Development of scissor skills begins with tearing paper, then children learn how to open/close and maintain the correct grip of scissors, before moving onto snipping, cutting lines, cutting simple shapes and then more complex shapes.


Attention is important as it helps children to listen, understand and focus on the tasks involved in learning and participating in all areas of daily life.  Difficulties with attention are often noticed as fidgeting, difficulty sitting still, being easily distracted, daydreaming or appearing ‘naughty’.


Organising oneself requires the integration of skills including cognitive planning, motor planning, body awareness and timing.  Children have to consider what actions are needed for a particular task, how to organise those actions and how to perform them in the right order.  

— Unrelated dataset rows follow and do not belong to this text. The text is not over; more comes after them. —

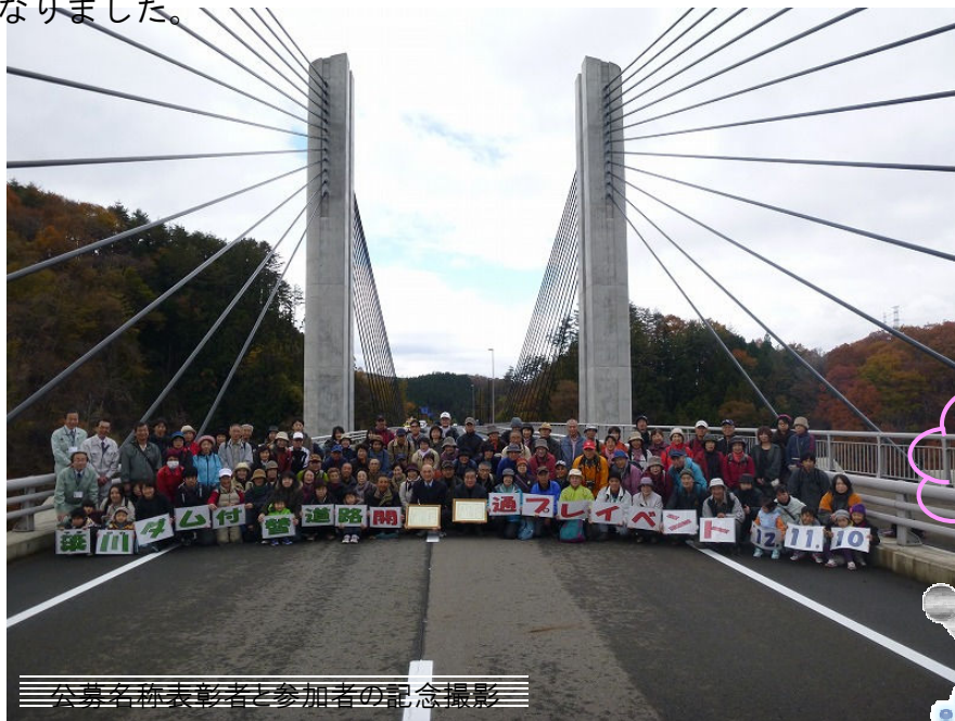
公募名称表彰者と参加者の記念撮影

また、現在行っている工事現場の見学をしていただき、工事に対する理解を深めていただく良い機会となりました。
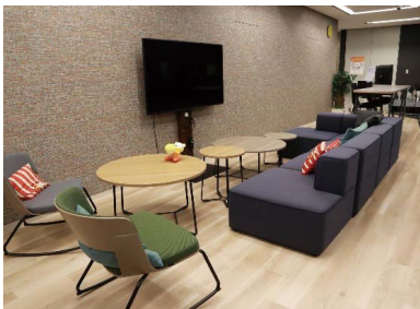
ボックス席、ソファ席、スタンディングデスクなど、状況に応じて使い分け可能な多様なミーティングスペースを設置
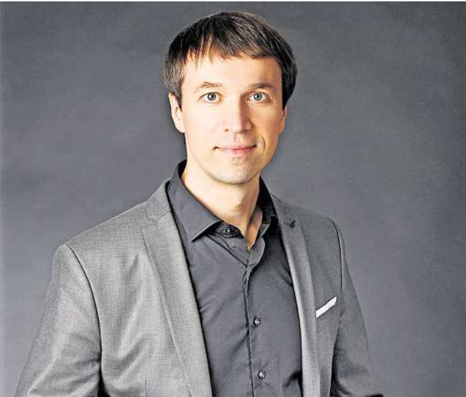
Spielt in Gehrden: der Pianist Slawomir Saranok.
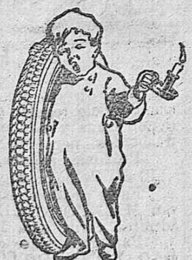
Agente exclusivo para Logroño y su provincia

Estas tres cosas obtendrá comprando los neumáticos o bandajes a CELSO RUBIO SAN BLAS, 22 LOGROÑO
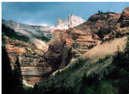
8 Rio delle Foglie/Bletterbach
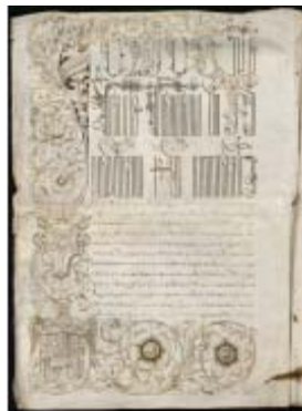
El papa Julio II otorga la investidura del reino de Nápoles a Fernando el Católico Roma, 1510, 3 de julio Madrid, Archivo Histórico Nacional

También se pueden contemplar los retratos del emperador Maximiliano I y de Felipe I, el Hermoso; éste último procedente de la Colección de Ambras de Viena, y la estatua funeraria del inquisidor Pedro Arbués. En el ámbito de las personalidades religiosas, lugar destacado merece también el retrato del Cardenal Cisneros en alabastro policromado obra de Felipe Vigarny y Fernando del Rincón, artistas al servicio del rey de Aragón. Junto a él se expone el retrato del Papa Alejandro VI
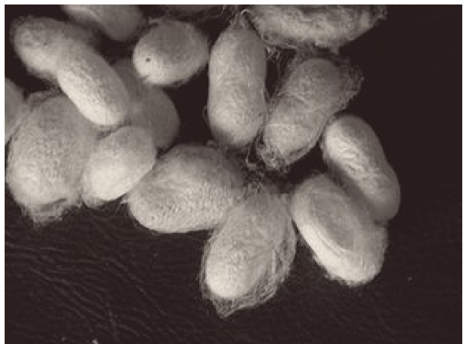
Bozzoli di baco da seta

In Brendola there are many small landowners who cannot support their families, because of the small extent of their farmlands. Therefore, they are forced to go to work for the rich landowners. In 1895 the cemetery of San Vito is built and in the same year the one in the main village is enlarged.
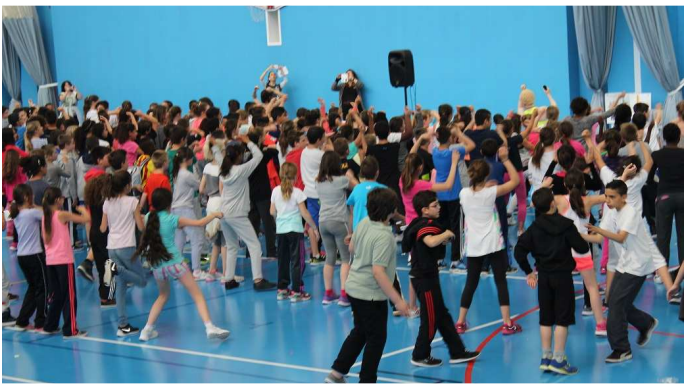
Une salsa gigantesque en final
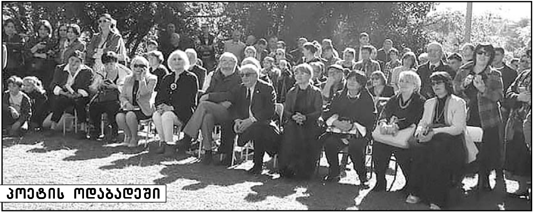
სახალხო ჯიჩი პოეტის ოდაბადევი

Difficulties with organisation may be noticed if children struggle with ‘personal space’, moving around the classroom or dressing themselves, in this case try activities to develop their body awareness (see Play and Leisure section). As children get older it may become apparent when they struggle to gather items needed for a task, to manage their belongings at school and with their timekeeping or homework.

Everybody has sensory differences which can impact their ability to take part in everyday activities; currently at Pavilion House Children Occupational Therapy services, we do not provide sensory assessments, sensory integration therapy or sensory advice.

Please see below for strategies and support that might help manage your child’s sensory needs:

If your child is struggling with the following areas, please speak to the education provision, GP or CAMHS:
  • Dysgraphia
  • Dyslexia
  • Dyscalculia
  • Attention/behaviour difficulties
Local Authority Occupational Therapy Service:

This service accepts direct parent referrals for children who have long term needs and require adaptions to their property to support them at home:

Telephone Number: 0300 123 5010

Where will my child be seen by an OT?     

Your child will usually be seen in clinic at Pavilion House, Macclesfield. But we can see your child at home, school or nursery if appropriate.

What will happen at the first appointment?        

You will meet the Occupational Therapist.

We will chat with you and your child about the difficulties they are experiencing with their everyday activities.

Your child may have a formal assessment or may be observed playing with toys.

If your child has any Occupational Therapy needs, we will discuss their functional goals and how we can help your child achieve them.

What should I expect from Occupational Therapy?

OT’s like to work jointly with home, school and nursery to help your child achieve their goals.

OT may provide some group or individual intervention if it is needed.

We may provide a report of your initial assessment, progress, and can supply evidence towards your child’s EHCP if requested.

What if English is not my first language?

Please let us know as soon as possible before your appointment and we can arrange an interpreter, alternatively you can choose to bring a family member to interpret for you.         

When will my child be discharged from the OT service?

Your child will be discharged from the service when they have achieved their goals or have strategies in place to help support their long-term needs.

If you fail to attend your appointment, or cancel 2 consecutive appointments ( unless for illness) your child will be discharged from the service.